We were talking about our viet Nam years, and our rather rumpled companion announced himself to have been in the 1st cavalry division, and followed it with a statement most of us hadn't heard in decades. This is delivered with a scornful expression and a voice of disdain: "If you ain't cav, you ain't shit"!

One of our number said, "Really"?

Our cav alumni asserted this was true, and repeated his slogan.

His interlocutor observed that this was honesty he hadn't expected to hear, someone actually admitting to be "shit".

He pointed out that this syntax indicated that if you ain't, that is, ARE NOT cav, then you ARE NOT shit. Conversly, if you ARE cave, then, you ARE shit.

It was a lively ten minutes discussion until security came, laid hands upon our bellowing, cursing, threatening former cav member, and took him away.

The things ya do when you're bored...

Miss Nerd, of late I've been thinking a bloody revolution might not come amiss.

DB said...

Fear is how democracy works. It almost seems that those who fear for their livelihood vote Democratic, those who fear for their live vote Republican. The parties and these candidates need people to be scared, just in different ways.

The Exterminator said...

Philly:
... there's a lot of people who mean very different things but try to say it in such a way as to appear as something else. If you're not paying attention, those things zip on by.
Yeah, two examples spring immediately to my mind. I'd say that "pro-life" is one of those weasel-y misnomers. As most of my regular readers know, I've been urging our side to refer to the anti-abortionists as "pro-forced-maternity." I also think "Country First" is a positive-sounding slogan that barely disguises the worst fascistic sentiments.

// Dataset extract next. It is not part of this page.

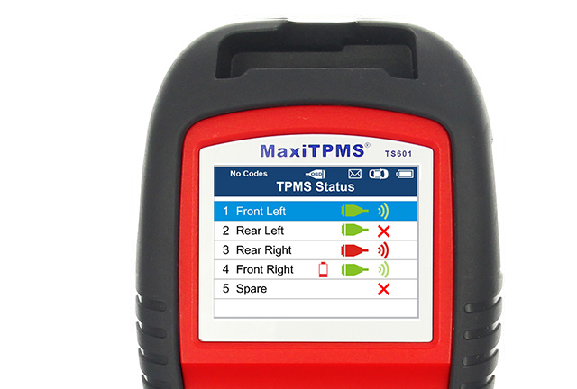 The MaxiTPMS TS601 is capable of wirelessly diagnosing TPMS problems as well as reprogramming the vehicle's ECU. This professional tool is the best solution for busy tire and automotive

You may have given me a very good idea for a future post.

Nerd:
Next quote to mangle: "Ask not what your country can do for you, but what you can do for your country".
George W. Bush might say, "I know it's hard. It's hard! But don't ask what your country can do for you. The American people should ask ... they should ask ... heh heh ... what you can do for me."

Sarge:
If you're gonna start parsing slogans and common expressions for syntax, you'll drive yourself nuts (or, at any rate, more so than you are already). The one phrase that always makes me scratch my head is: "I could care less."

DB:
So you're saying The only thing politicians have to fear is the public's loss of fear itself. I do agree with that, to some extent. But you did notice that this was not really a post about fear, right?

infinity said...

Good representations.

And nice point.

So why has our country decided that the preference is for everyday pinhead to run the country?

My father-in-law used to talk about how much he liked Bush because Bush talks just like the guys he used to hang out with at the bar.

My response was, so you would want your old bar buddies running the country?

Seems words do matter. Just unimpressive ones.

PhillyChief said...

That's a whole other can of worms, Infinity. I can't fathom that whole notion of 'he/she is an idiot like me, so I'll vote for him/her'. It's also that nonsense of "elitist" being a bad word. Name me one time where you'd not want to hire or contract the most intelligent and best person in their field? Do you think that way when picking a doctor? A lawyer? How about a contractor? A plumber? A mechanic? Come on, but the most important job in the world, the leader of the US and arguably the entire Western world? Yeah, some shmuck I can drink a beer with is best suited for that. Wtf?

I want a plug for any post ideas I inspire. ;)

yunshui said...

I take issue with the idea that "the only thing we have to fear is fear itself". What about spiders? They're fucking scary.

DB said...

But you did notice that this was not really a post about fear, right?

Obviously not. :P

iambilly said...

Ex: My take on "I could care less," (which is a phrase I use, but I usually (not always) have a good reason for using it with the meaning I intend (if that makes sense (hopefully?)))) is, "I could care less, but you (or it) is not worth the effort of attempting to care less." Unfortunately, I'm lazy, so "I could care less" is what comes out. Not that anyone would care.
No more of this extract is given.